### Dataset records
* * *
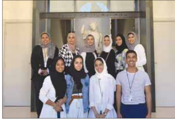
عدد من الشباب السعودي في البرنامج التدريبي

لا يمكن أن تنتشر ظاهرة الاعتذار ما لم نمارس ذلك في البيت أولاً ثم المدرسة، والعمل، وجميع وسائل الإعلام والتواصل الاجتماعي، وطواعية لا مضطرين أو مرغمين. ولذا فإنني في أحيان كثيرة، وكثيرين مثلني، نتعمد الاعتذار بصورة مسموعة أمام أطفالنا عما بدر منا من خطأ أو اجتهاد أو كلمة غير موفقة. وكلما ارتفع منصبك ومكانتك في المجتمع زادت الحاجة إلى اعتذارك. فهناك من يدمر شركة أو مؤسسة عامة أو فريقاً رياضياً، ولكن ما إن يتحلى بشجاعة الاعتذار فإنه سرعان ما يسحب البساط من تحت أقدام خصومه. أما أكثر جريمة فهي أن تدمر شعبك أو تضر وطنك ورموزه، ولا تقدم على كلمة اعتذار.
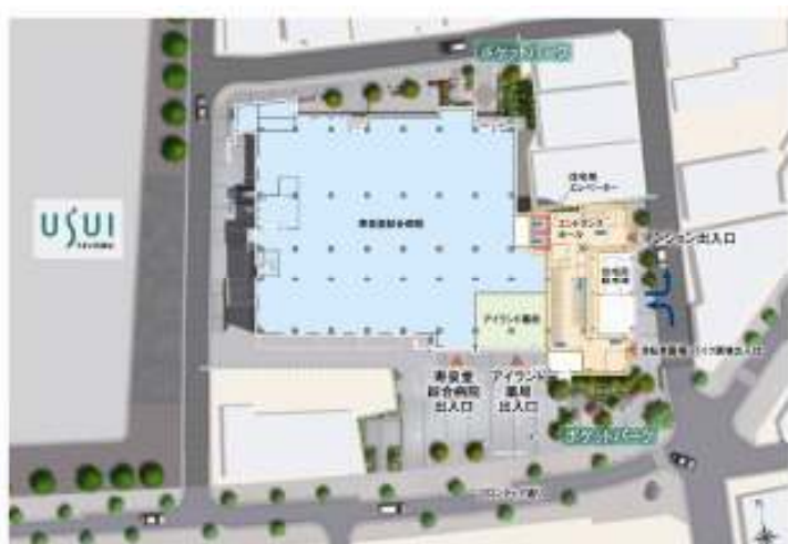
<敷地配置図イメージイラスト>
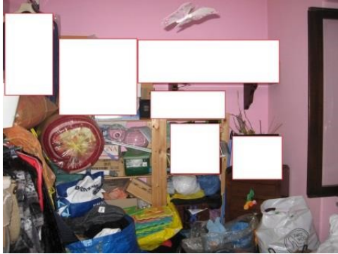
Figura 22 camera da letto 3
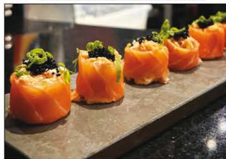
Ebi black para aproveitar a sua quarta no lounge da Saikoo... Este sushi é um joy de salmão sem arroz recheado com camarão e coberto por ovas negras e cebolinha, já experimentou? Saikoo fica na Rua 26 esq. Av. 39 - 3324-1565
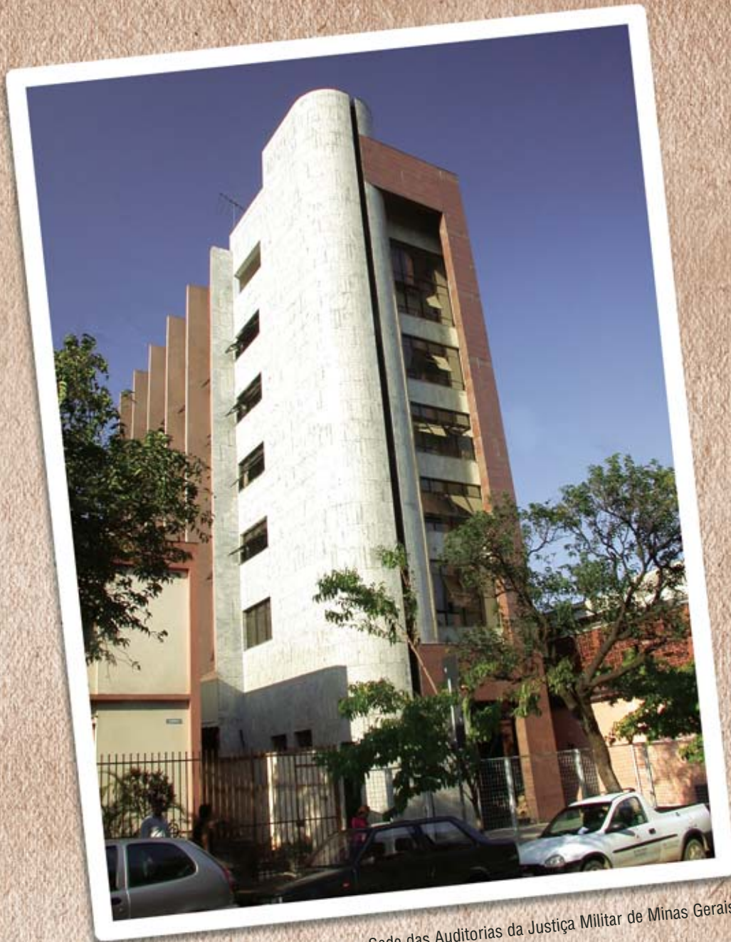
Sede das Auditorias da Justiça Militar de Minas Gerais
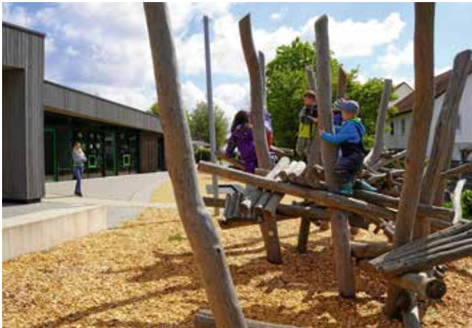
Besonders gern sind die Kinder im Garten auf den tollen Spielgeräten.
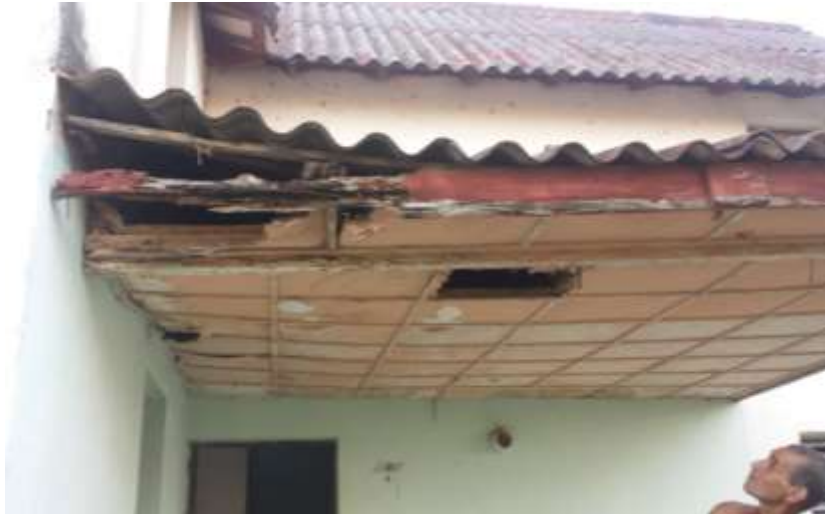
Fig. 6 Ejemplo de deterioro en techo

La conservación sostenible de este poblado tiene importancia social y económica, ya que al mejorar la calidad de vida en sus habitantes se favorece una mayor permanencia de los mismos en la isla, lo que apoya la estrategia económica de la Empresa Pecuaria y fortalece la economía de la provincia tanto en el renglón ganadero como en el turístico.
* * *
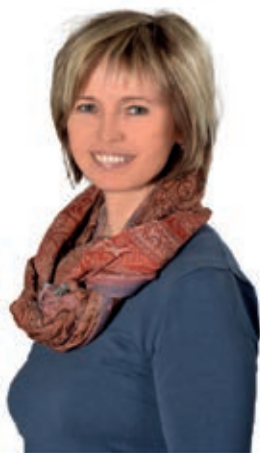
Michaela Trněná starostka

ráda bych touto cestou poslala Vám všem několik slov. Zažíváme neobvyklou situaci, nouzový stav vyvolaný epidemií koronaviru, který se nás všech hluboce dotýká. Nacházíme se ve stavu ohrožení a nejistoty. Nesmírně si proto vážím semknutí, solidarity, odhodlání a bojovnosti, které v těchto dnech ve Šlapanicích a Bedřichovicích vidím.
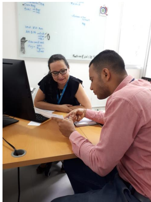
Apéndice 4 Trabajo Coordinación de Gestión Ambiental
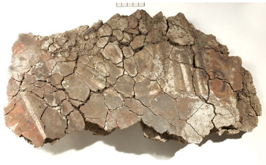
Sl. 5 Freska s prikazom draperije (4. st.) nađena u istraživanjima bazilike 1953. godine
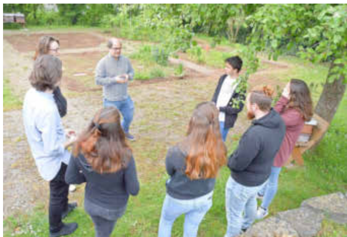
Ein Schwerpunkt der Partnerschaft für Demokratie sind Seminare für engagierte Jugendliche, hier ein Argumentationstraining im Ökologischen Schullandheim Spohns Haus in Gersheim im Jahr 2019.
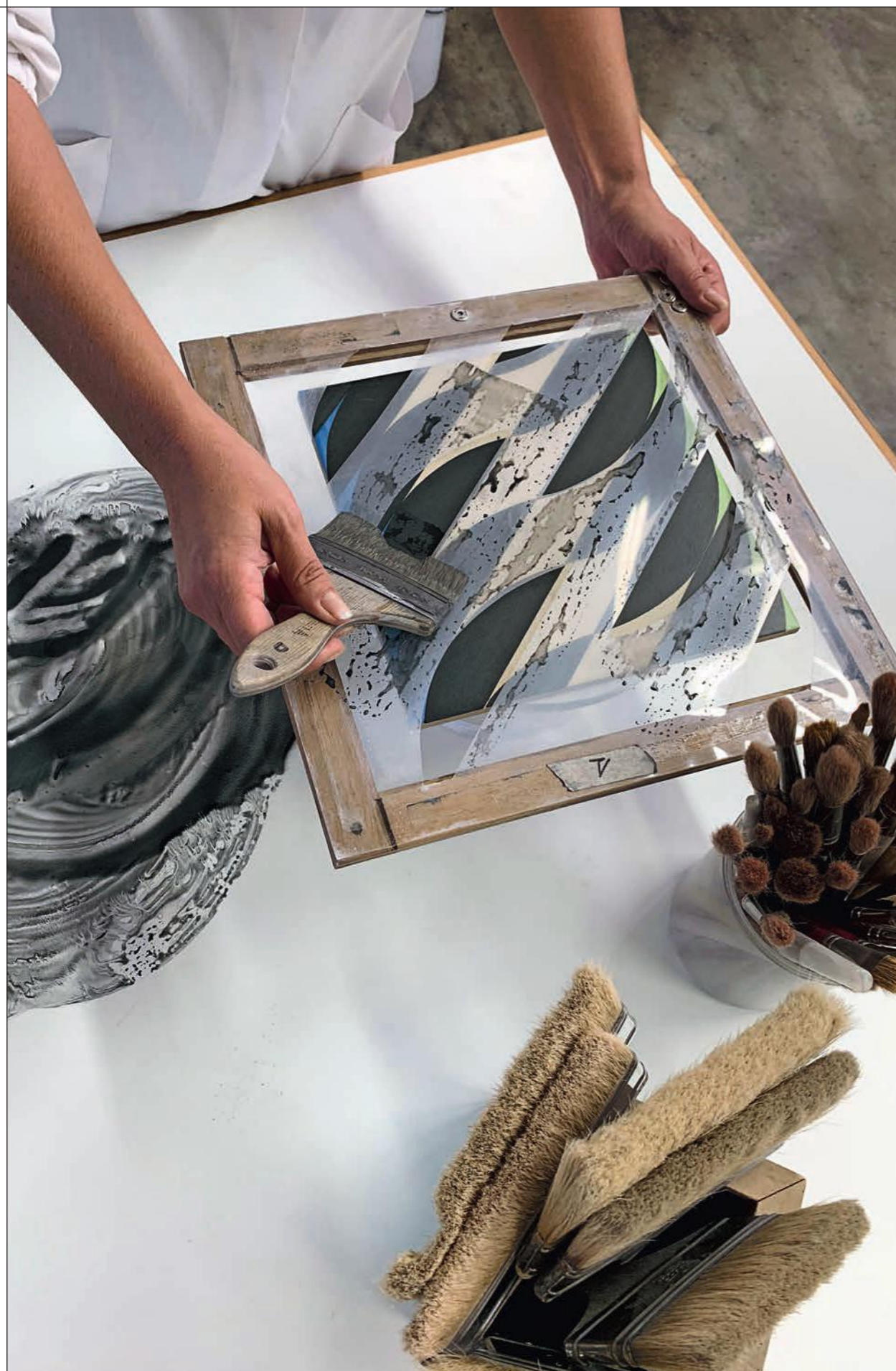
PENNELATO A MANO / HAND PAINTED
* * *
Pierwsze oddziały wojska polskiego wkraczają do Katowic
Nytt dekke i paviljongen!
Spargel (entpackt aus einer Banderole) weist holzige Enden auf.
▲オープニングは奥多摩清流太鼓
* * *
"sind" is the string to look for; please copy every line of the records above where it appears.

### Expected answer
Besonders gern sind die Kinder im Garten auf den tollen Spielgeräten.
Ein Schwerpunkt der Partnerschaft für Demokratie sind Seminare für engagierte Jugendliche, hier ein Argumentationstraining im Ökologischen Schullandheim Spohns Haus in Gersheim im Jahr 2019.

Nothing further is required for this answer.